▶ _To do_
Reproduce everything from the line that contains "rounded-collar midi dress" down to the line that contains "- [ Inviting" in the listing below, word for word and nothing more. Leave the pictures out.

▶ _Available data_

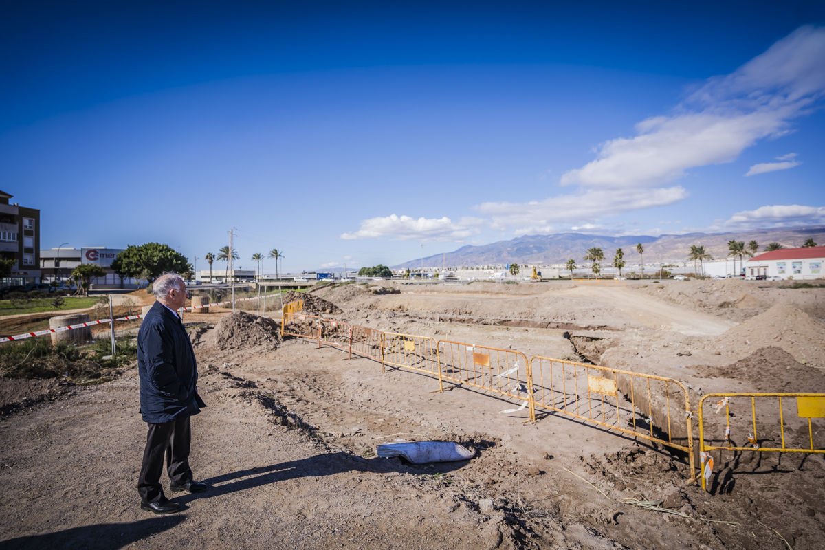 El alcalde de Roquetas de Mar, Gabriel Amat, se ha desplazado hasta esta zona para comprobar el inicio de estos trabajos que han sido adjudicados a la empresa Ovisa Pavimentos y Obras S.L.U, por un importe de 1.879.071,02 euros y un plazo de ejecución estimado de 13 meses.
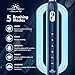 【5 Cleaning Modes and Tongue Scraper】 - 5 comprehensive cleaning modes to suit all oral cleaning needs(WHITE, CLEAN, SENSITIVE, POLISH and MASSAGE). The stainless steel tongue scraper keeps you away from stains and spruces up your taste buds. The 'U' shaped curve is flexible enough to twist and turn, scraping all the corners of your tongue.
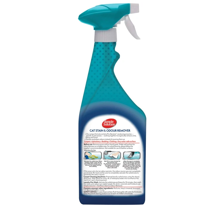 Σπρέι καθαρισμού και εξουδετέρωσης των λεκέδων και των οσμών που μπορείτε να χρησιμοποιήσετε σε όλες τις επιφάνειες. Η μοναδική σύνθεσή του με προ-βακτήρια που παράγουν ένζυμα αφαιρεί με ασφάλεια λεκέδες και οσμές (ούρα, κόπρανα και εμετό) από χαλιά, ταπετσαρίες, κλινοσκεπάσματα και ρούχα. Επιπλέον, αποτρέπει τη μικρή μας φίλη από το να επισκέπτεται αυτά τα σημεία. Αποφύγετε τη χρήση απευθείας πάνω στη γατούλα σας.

...

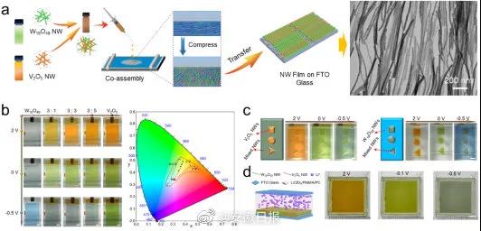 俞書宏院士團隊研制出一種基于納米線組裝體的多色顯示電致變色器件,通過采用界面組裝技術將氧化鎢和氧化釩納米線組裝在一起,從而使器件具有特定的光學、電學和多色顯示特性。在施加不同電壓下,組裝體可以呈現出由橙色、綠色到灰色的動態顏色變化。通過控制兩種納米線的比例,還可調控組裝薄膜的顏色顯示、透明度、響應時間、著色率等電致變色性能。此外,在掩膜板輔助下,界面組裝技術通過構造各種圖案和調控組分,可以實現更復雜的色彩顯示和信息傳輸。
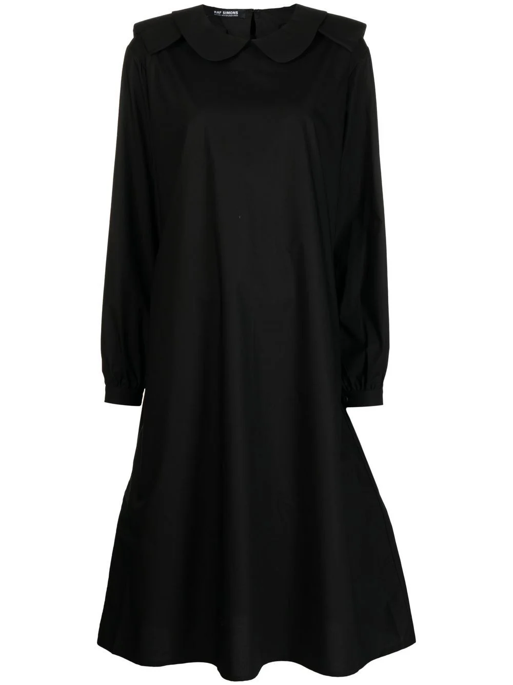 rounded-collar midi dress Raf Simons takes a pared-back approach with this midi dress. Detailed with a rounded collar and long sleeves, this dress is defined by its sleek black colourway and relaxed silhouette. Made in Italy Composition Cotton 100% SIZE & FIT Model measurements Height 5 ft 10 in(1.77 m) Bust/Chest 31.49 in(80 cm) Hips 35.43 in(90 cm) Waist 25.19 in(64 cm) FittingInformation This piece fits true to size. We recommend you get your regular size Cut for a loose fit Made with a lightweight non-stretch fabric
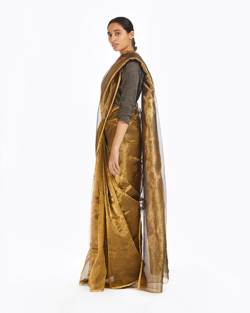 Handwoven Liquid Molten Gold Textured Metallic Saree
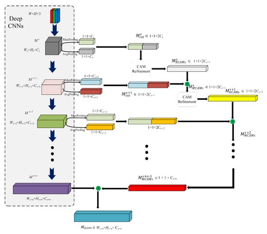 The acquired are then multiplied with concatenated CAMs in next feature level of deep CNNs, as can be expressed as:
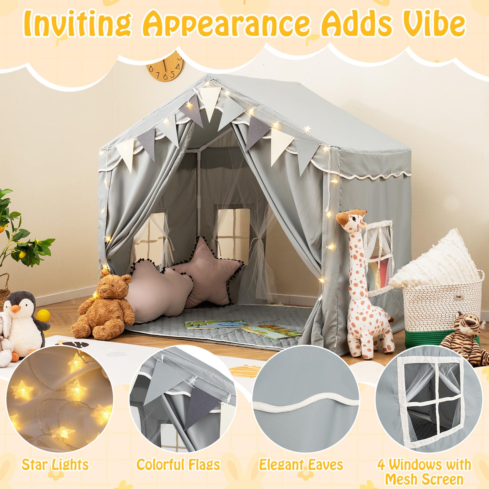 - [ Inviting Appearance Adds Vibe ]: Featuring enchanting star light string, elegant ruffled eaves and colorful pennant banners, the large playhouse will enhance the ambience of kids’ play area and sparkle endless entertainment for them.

▶ _Exercise solution_
 rounded-collar midi dress Raf Simons takes a pared-back approach with this midi dress. Detailed with a rounded collar and long sleeves, this dress is defined by its sleek black colourway and relaxed silhouette. Made in Italy Composition Cotton 100% SIZE & FIT Model measurements Height 5 ft 10 in(1.77 m) Bust/Chest 31.49 in(80 cm) Hips 35.43 in(90 cm) Waist 25.19 in(64 cm) FittingInformation This piece fits true to size. We recommend you get your regular size Cut for a loose fit Made with a lightweight non-stretch fabric
 Handwoven Liquid Molten Gold Textured Metallic Saree
 The acquired are then multiplied with concatenated CAMs in next feature level of deep CNNs, as can be expressed as:
 - [ Inviting Appearance Adds Vibe ]: Featuring enchanting star light string, elegant ruffled eaves and colorful pennant banners, the large playhouse will enhance the ambience of kids’ play area and sparkle endless entertainment for them.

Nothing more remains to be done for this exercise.